# Lab | Revisiting Machine Learning Case Study

- In this lab, you will use `learningSet.csv` file which you already have cloned in today's activities. The full process for the week is shown in the PDF file.

### Instructions

Complete the following steps on the categorical columns in the dataset:

- Check for null values in all the columns
- Exclude the following variables by looking at the definitions. Create a new empty list called `drop_list`. We will append this list and then drop all the columns in this list later:
    - `OSOURCE` - symbol definitions not provided, too many categories
    - `ZIP` - we are including state already
- Identify columns that have over 50% missing values.
- Remove those columns from the dataframe
- Perform all of the cleaning processes from the Lesson.
- Reduce the number of categories in the column `GENDER`. The column should only have either "M" for males, "F" for females, and "other" for all the rest
    - Note that there are a few null values in the column.
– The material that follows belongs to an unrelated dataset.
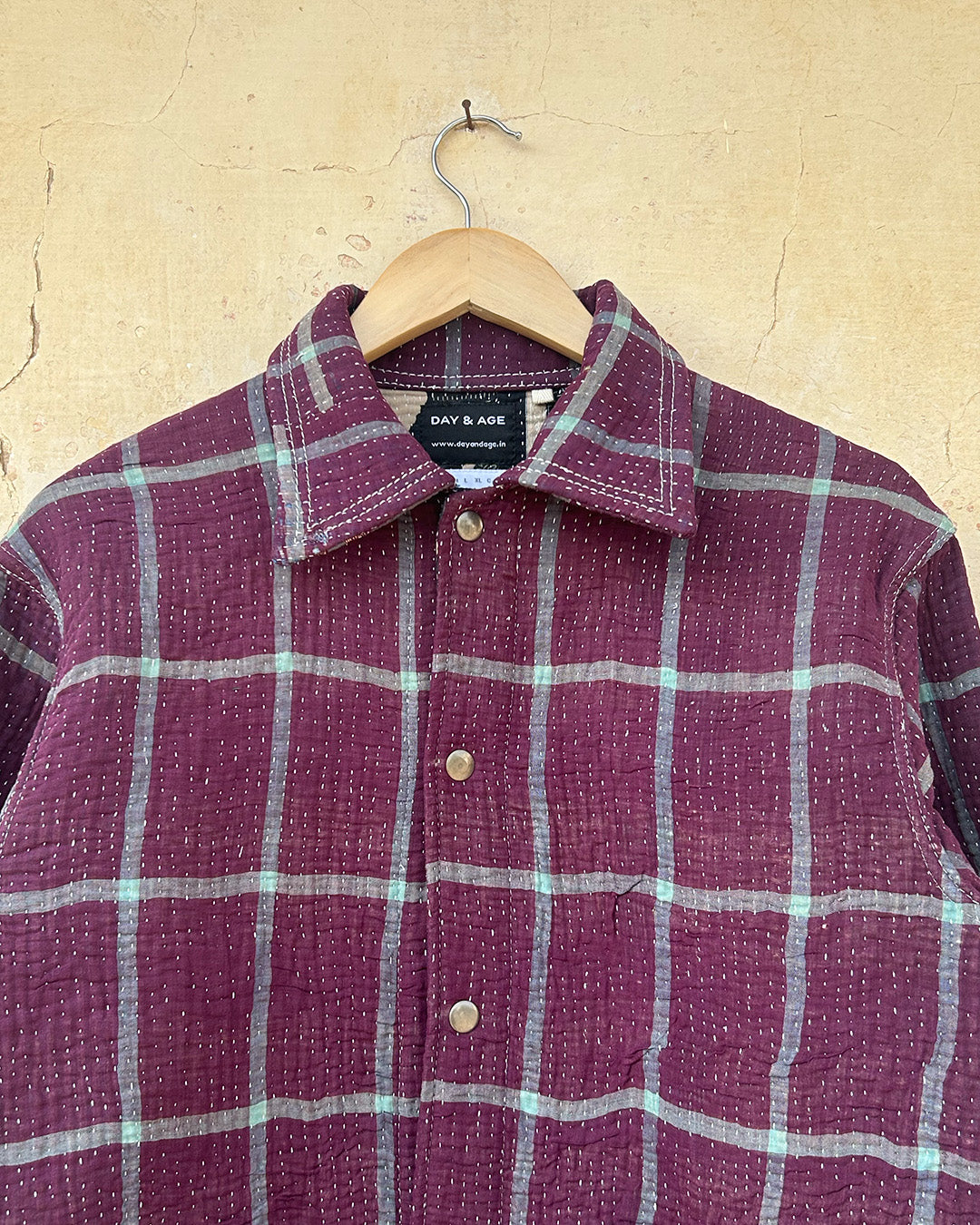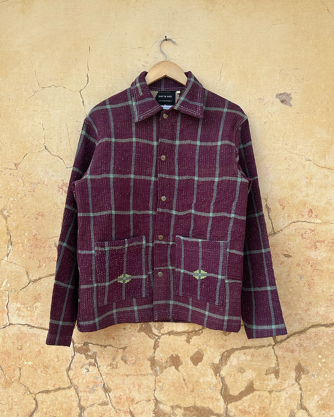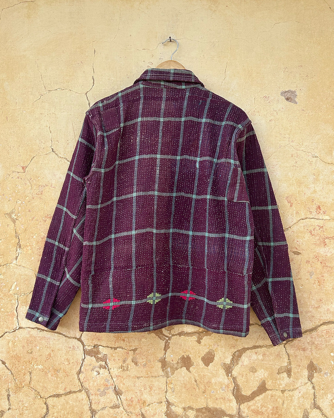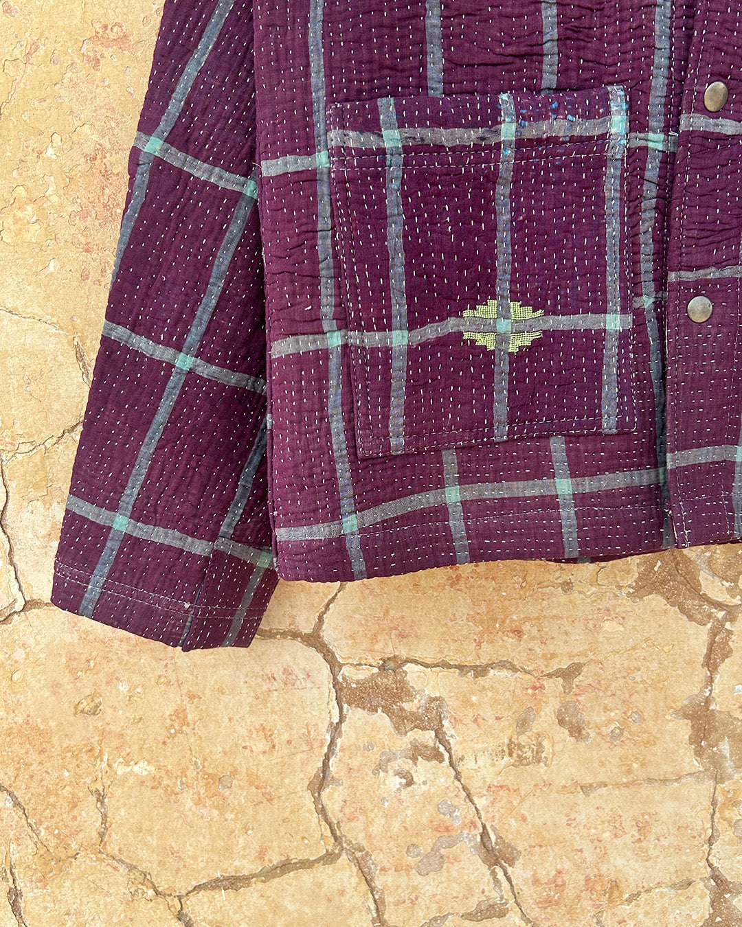 Kantha quilts are crafted from repurposed saris and fabrics and feature repairs, darning, and patchwork. These unique details not only add character but ensure durable, one-of-a-kind garments with a rich up-cycling heritage. We embrace the distressed patches alongside the intricate stitch work in the most unlikely colours.

We will first replace those null values using the code below:

    ```python
    print(categorical['GENDER'].value_counts())
    categorical['GENDER'] = categorical['GENDER'].fillna('F')
    ```

In [1]:
import pandas as pd
import numpy as np

In [2]:
data = pd.read_csv('learningSet.csv', low_memory=False)

In [31]:
# make df with categorical data
categorical = data.select_dtypes(object)

In [32]:
# Dataframe for percentage null values
nulls_percent_df = pd.DataFrame(categorical.isna().sum()*100/len(categorical)).reset_index()
nulls_percent_df.columns = ['column_name', 'nulls_percentage']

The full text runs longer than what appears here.